What you should do - The expected answer is a verbatim transcription of the lines below, beginning with the first and ending with the line that holds "tModGuard — это", without pictures.

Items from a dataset
━━━━━━━━━━━━━━━━━━━━

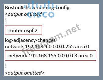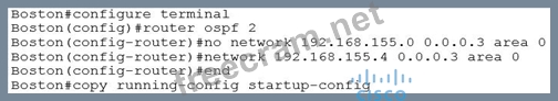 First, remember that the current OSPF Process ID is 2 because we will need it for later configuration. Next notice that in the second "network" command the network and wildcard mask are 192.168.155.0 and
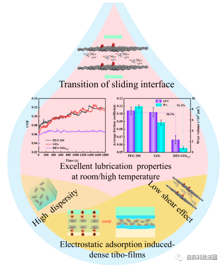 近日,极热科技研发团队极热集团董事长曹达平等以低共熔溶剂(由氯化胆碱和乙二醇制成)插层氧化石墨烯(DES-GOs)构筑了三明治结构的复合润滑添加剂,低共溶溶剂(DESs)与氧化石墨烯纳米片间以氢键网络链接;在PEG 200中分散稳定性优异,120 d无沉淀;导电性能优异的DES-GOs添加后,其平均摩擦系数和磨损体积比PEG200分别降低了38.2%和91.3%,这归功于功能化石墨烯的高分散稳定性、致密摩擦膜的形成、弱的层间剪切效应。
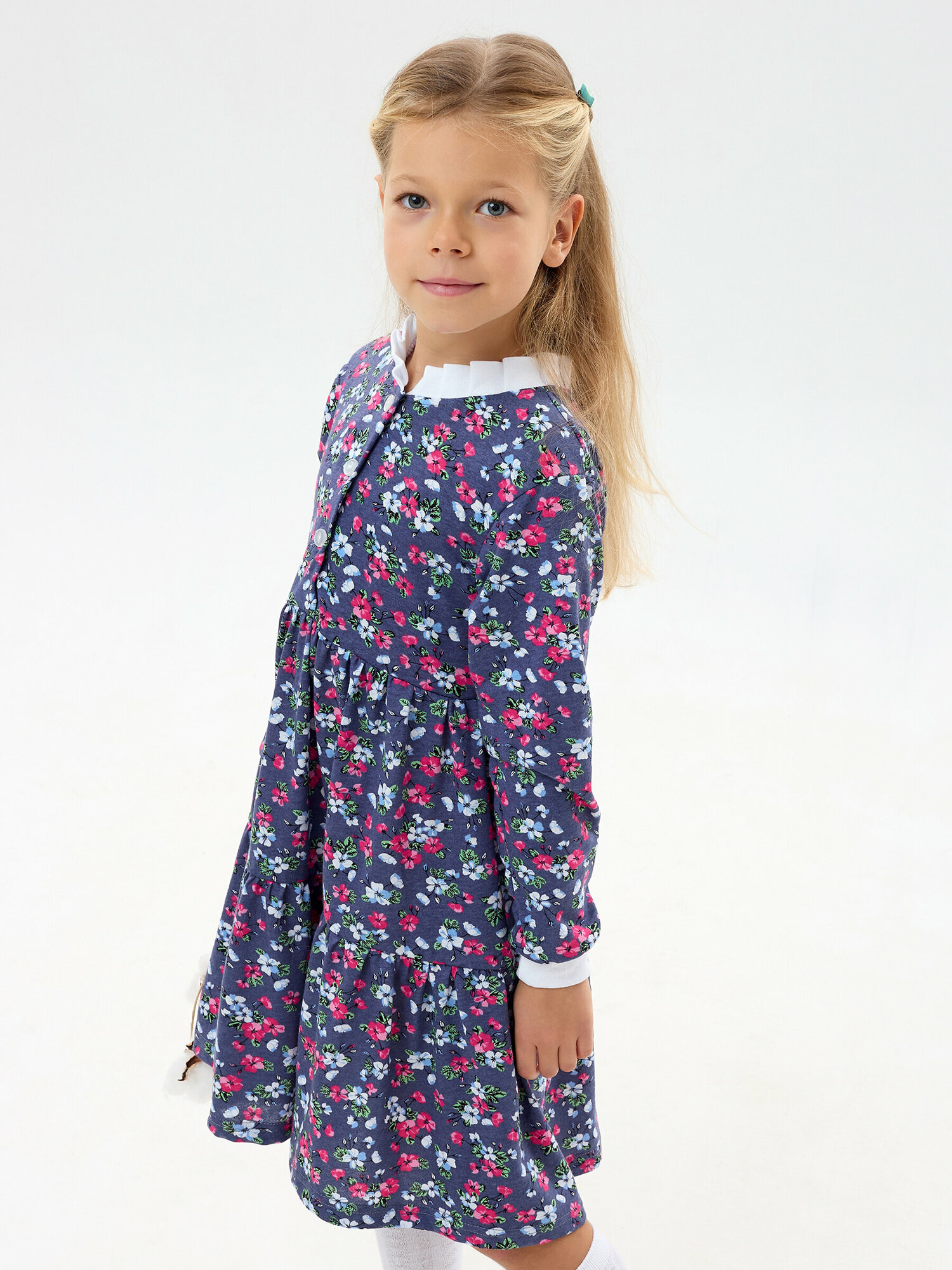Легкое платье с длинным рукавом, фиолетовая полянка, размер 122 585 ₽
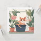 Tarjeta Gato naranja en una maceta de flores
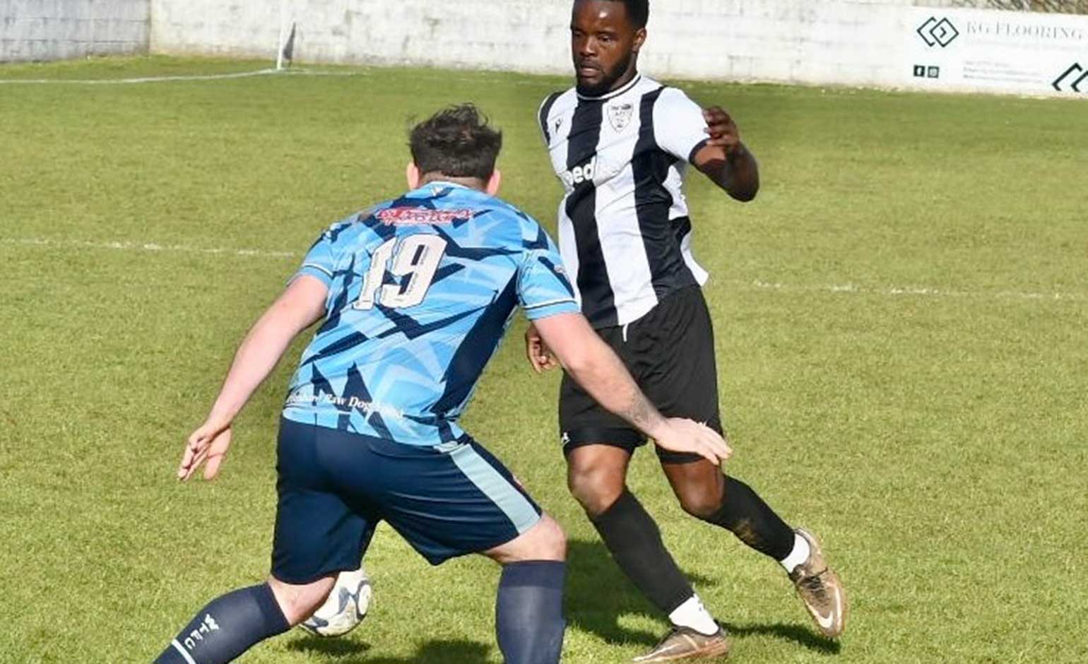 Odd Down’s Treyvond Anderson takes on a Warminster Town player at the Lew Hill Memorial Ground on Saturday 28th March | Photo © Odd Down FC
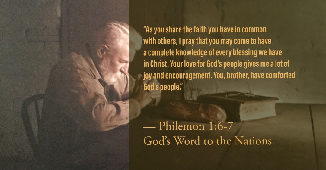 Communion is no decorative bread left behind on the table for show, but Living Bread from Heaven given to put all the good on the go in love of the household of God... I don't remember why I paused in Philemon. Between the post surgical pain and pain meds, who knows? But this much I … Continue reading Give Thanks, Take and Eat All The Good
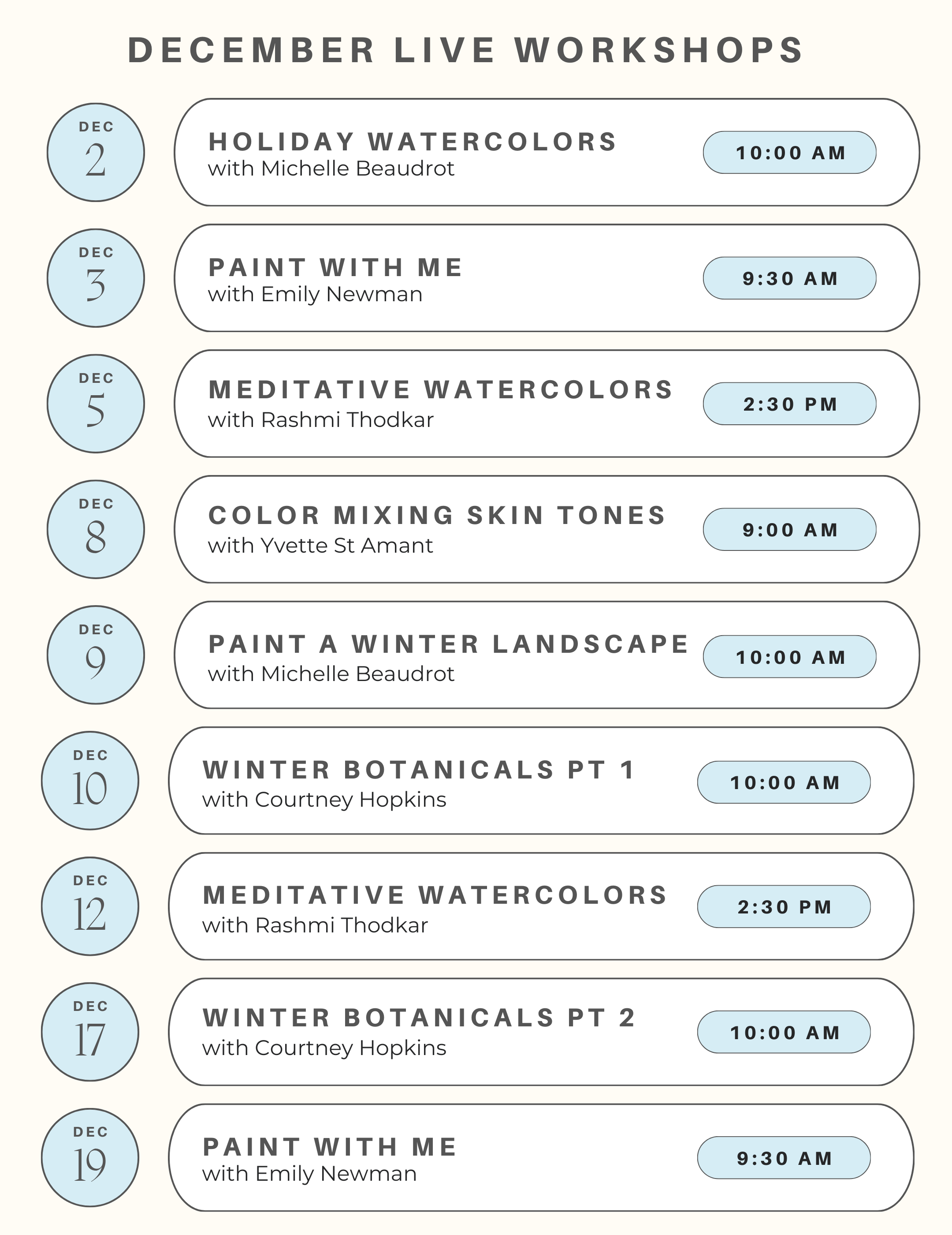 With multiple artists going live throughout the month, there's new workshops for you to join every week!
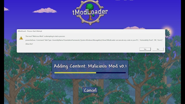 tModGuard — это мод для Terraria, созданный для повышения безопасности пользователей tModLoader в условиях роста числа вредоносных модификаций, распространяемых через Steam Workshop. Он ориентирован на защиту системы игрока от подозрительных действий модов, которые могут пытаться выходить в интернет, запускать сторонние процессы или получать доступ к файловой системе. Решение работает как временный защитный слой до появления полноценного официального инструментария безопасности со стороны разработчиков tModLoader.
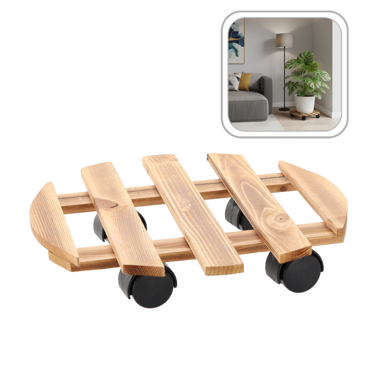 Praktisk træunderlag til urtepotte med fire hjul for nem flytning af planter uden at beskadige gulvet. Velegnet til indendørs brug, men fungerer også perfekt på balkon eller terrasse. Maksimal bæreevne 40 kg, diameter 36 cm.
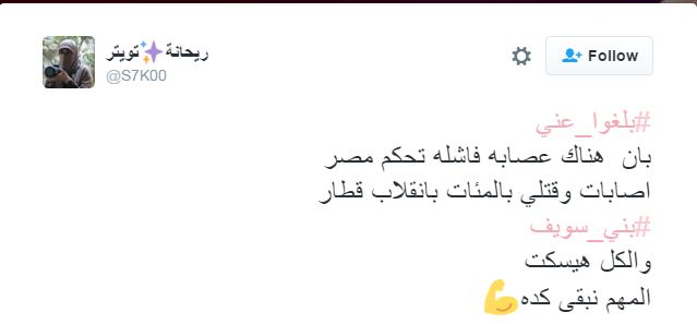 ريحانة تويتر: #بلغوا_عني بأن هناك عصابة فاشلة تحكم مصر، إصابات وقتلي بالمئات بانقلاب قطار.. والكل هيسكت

━━━━━━━━━━━━━━━━━━━━

Solution to this problem -
 First, remember that the current OSPF Process ID is 2 because we will need it for later configuration. Next notice that in the second "network" command the network and wildcard mask are 192.168.155.0 and
 近日,极热科技研发团队极热集团董事长曹达平等以低共熔溶剂(由氯化胆碱和乙二醇制成)插层氧化石墨烯(DES-GOs)构筑了三明治结构的复合润滑添加剂,低共溶溶剂(DESs)与氧化石墨烯纳米片间以氢键网络链接;在PEG 200中分散稳定性优异,120 d无沉淀;导电性能优异的DES-GOs添加后,其平均摩擦系数和磨损体积比PEG200分别降低了38.2%和91.3%,这归功于功能化石墨烯的高分散稳定性、致密摩擦膜的形成、弱的层间剪切效应。
Легкое платье с длинным рукавом, фиолетовая полянка, размер 122 585 ₽
 Tarjeta Gato naranja en una maceta de flores
 Odd Down’s Treyvond Anderson takes on a Warminster Town player at the Lew Hill Memorial Ground on Saturday 28th March | Photo © Odd Down FC
 Communion is no decorative bread left behind on the table for show, but Living Bread from Heaven given to put all the good on the go in love of the household of God... I don't remember why I paused in Philemon. Between the post surgical pain and pain meds, who knows? But this much I … Continue reading Give Thanks, Take and Eat All The Good
 With multiple artists going live throughout the month, there's new workshops for you to join every week!
 tModGuard — это мод для Terraria, созданный для повышения безопасности пользователей tModLoader в условиях роста числа вредоносных модификаций, распространяемых через Steam Workshop. Он ориентирован на защиту системы игрока от подозрительных действий модов, которые могут пытаться выходить в интернет, запускать сторонние процессы или получать доступ к файловой системе. Решение работает как временный защитный слой до появления полноценного официального инструментария безопасности со стороны разработчиков tModLoader.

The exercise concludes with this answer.